ArcelorMittal SA Limited has reported a full year headline loss, hit by higher raw material costs and weaker sales but expects a better first quarter.
ArcelorMittal South Africa Limited, a unit of the world’s top steelmaker, on Tuesday reported a full year headline loss, hit by higher raw material costs and weaker sales, but said it expects a better first quarter.
The steelmaker’s production last year was hit by structural problems, including a furnace failure at its Newcastle plant, a strike in the steel sector and a shutdown at its Saldanha Works operation. The Newcastle plant has since resumed full output.
“We had to contend with unrelenting pressure on operating margins as production costs climbed 19% while steel prices only rose 12% on average,” Chief Executive Nonkululeko Nyembezi-Heita said in a statement.
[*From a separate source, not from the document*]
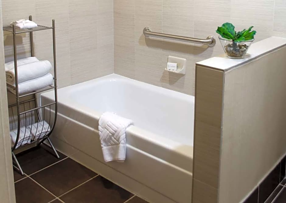 A spacious seating area with arm chair and sofa bed is featured in this suite. Free Wi-Fi, a 40-inch flat-screen HD cable TV, microwave, small fridge, wet bar, laptop safe and MP3 player are also included.

Globally, steel producers are expected to report a weak fourth quarter on destocking and squeezed margins, underlining the need for consolidation of the industry.
Africa’s largest steelmaker reported a diluted full-year headline loss per share of 13 cents, compared with diluted headline EPS of 343 cents the previous year.
Headline EPS are the main profit gauge in South Africa and strip out certain one-time items.
The company, which sells 90% of its steel in Africa, said sales fell 7% to 4.7-million tonnes during the year, while revenue was up 4% to R31.5-billion.
“Earnings for the first quarter are expected to improve significantly due to production stability and higher sales volumes partially offset by lower international steel prices,” the company said in a statement.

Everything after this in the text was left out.